▶ [REQUIREMENT]: Leave out the images and repeat the listing below without a single change.

▶ [DATA EXTRACT]:
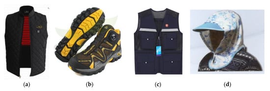 Interventions against cold and heat: (a) thermal vest; (b) agricultural shoes; (c) cooling vest; (d) farmer hat.
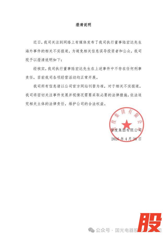 4月26日,国光电器(002045.SZ)、智度股份(000676.SZ)官微发布澄清声明称,关注到网络上有媒体发布了公司执行董事陆宏达海外事件的相关报道。
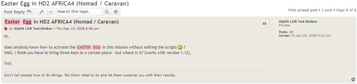 Replied by betteryouthanme on topic Af4 Easter Egg - Help

▶ [COMPLETED TASK]:
 Interventions against cold and heat: (a) thermal vest; (b) agricultural shoes; (c) cooling vest; (d) farmer hat.
 4月26日,国光电器(002045.SZ)、智度股份(000676.SZ)官微发布澄清声明称,关注到网络上有媒体发布了公司执行董事陆宏达海外事件的相关报道。
 Replied by betteryouthanme on topic Af4 Easter Egg - Help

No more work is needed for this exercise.